Is there an algorithm to merge this kind of list?
I have a list like this:
a a . a b . . a a . a . c . a .
or in list format
[['a', 'a', '.', 'a'], ['b', '.', '.', 'a'], ['a', '.', 'a', '.'], ['c', '.', 'a', '.']]
and I want to merge it into [['a','b','c'],['a'],['a'],['a']], or
a,b,c a a a
so that when two consecutive rows share the same letter at any of the four columns, their elements will be merged non-redundantly. I can do it by pairwise comparisons, but wonder if there are formal algorithms to do this?
You didn't specify the language but you can create a HashMap / HashTable for each column and populate it with the column values. (Your key and value will be the same thing.) Populating a HashMap means you cannot have duplicate keys so you will end uo with a list of unique values in each collection. Then pull out the values from each hashMap into an array, or arrays.

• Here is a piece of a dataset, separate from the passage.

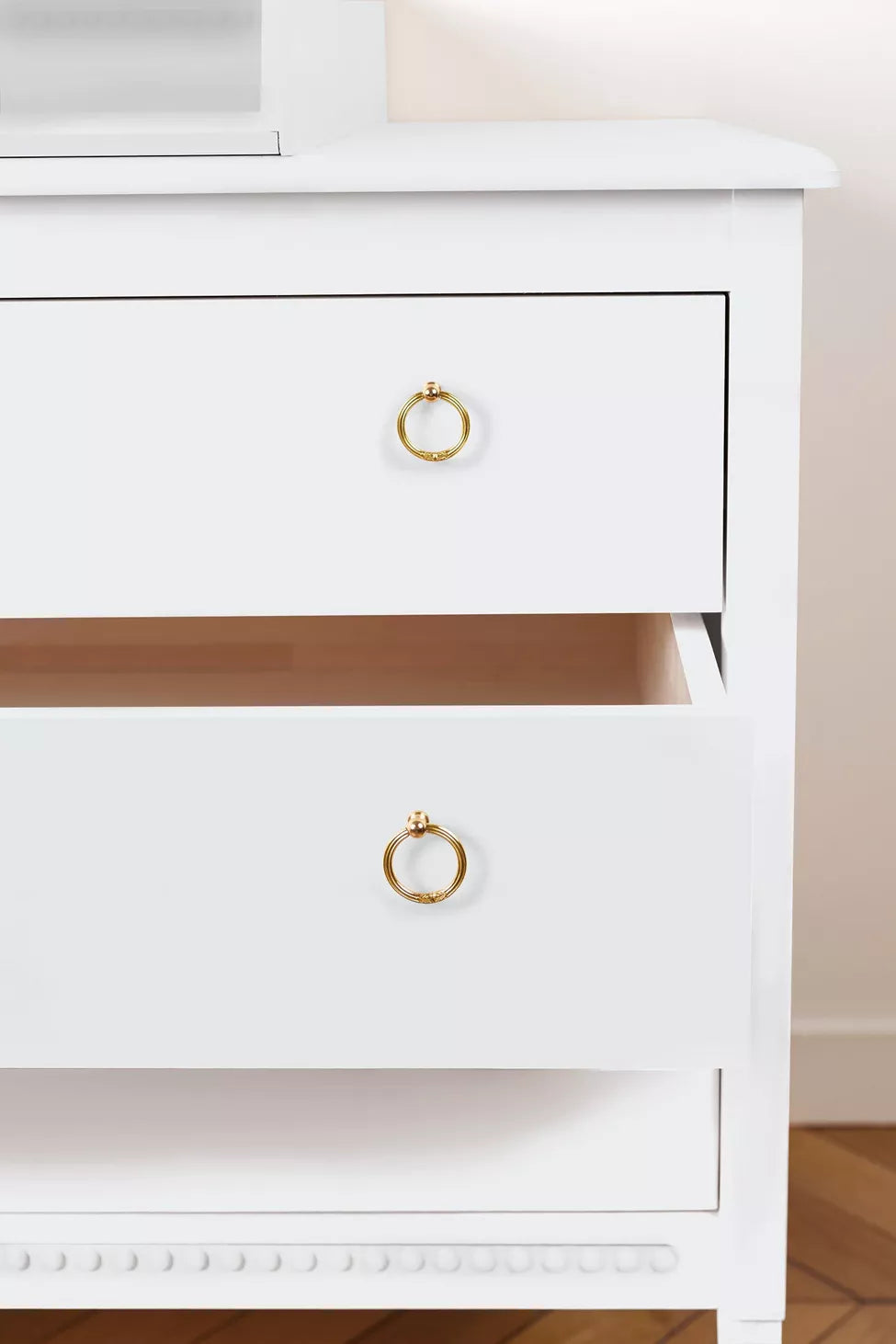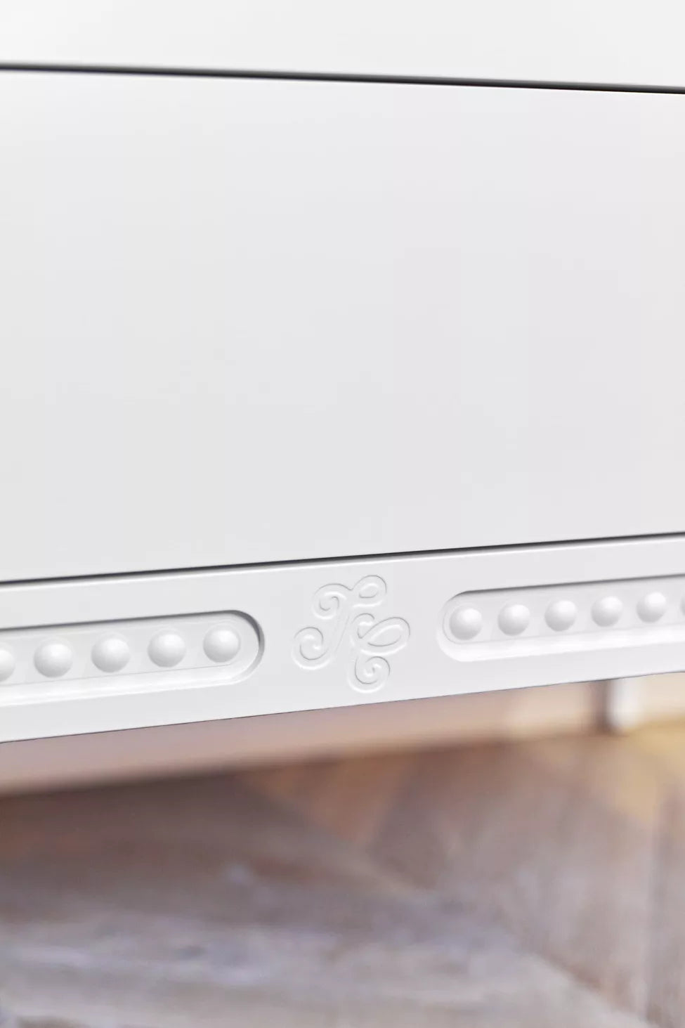 The perfectly chosen details are the object of a goldsmith's work with the pearls that draw the contours of each piece of furniture symbolising elegance and refinement. The chest of drawers with its sober and elegant design and its 3 drawers will fit perfectly in a child's room but also in a junior room.

If the periods in your sample data are actually periods you will have to ignore them as you loop through the array otherwise you will get them as output.
Take a look at Python dictionaries.
the pseudo code for this solution (Python will look similar ;-)
- Create a list of dictionaries (list length = # of columns)
- Loop over columns
- Loop over rows
- Insert data into appropriate dictionary *
- Loop over list of dictionaries
- Loop over dictionary values
- Create new set of arrays with unique values